Top of Given information

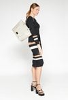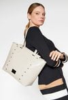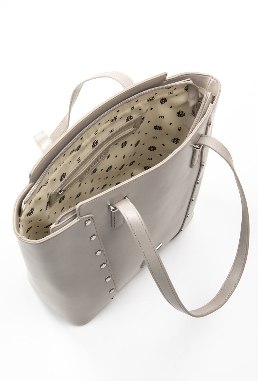 Torba damska typu shopper z ozdobną aplikacją. Torba jednokomorowa o jasnym wnętrzu z dodatkowymi kieszonkami na drobiazgi oraz kieszonką z tyłu. Torba zapinana na suwak. Torba zawieszona na rączkach. Torbę należy przechowywać w dołączonym woreczku. Wymiary Torby: 41 cm x 30,5 cm x 14,5 cm
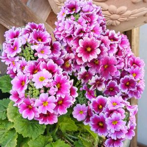 プリムラ ポンポンラパン 昨日カリブラコアの去年のピンクキッズ のプラ鉢に土を新しくして一緒に植えました。
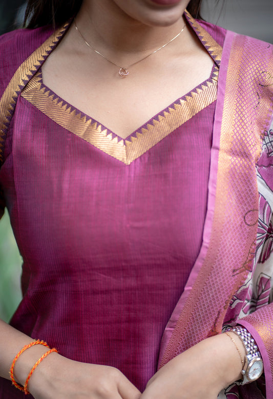 AL 557 Mangalagiri Kurti with nizam border dupatta (with lining)
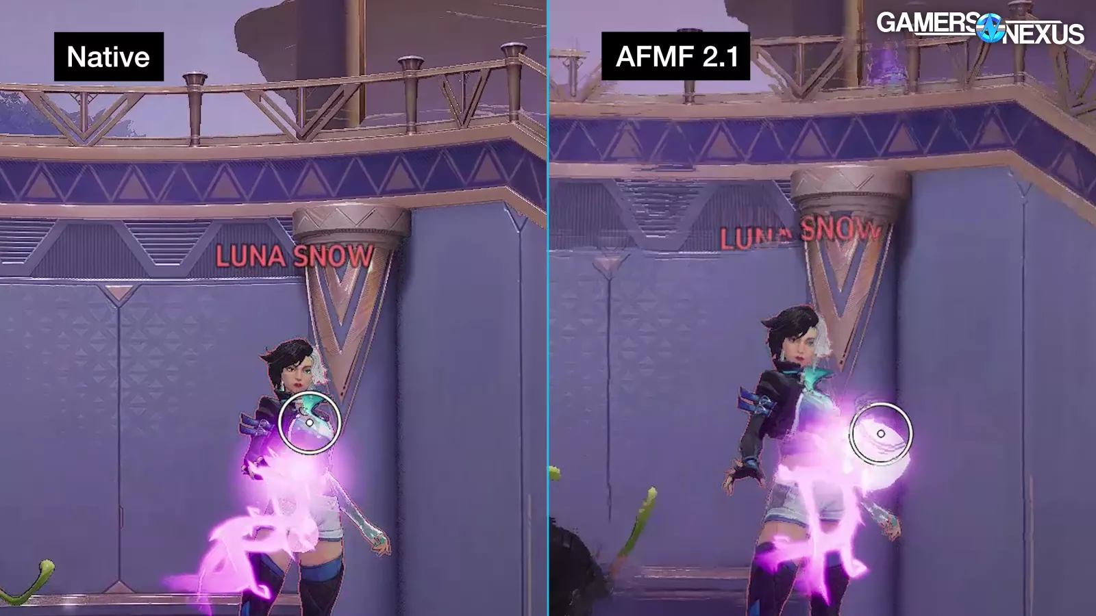 Notice also that with AFMF, Luna Snow's nametag is distorted on the first frame where the camera shakes, which is a further disadvantage of AFMF versus in-game frame generation. Using the in-game option, the nametag is preserved.

Bottom of Given information

_Task directions:_ Please print exactly the lines running from the line with "AL 557 Mangalagiri" through the final line of the material, and nothing more. Keep pictures out.

_Result:_
 AL 557 Mangalagiri Kurti with nizam border dupatta (with lining)
 Notice also that with AFMF, Luna Snow's nametag is distorted on the first frame where the camera shakes, which is a further disadvantage of AFMF versus in-game frame generation. Using the in-game option, the nametag is preserved.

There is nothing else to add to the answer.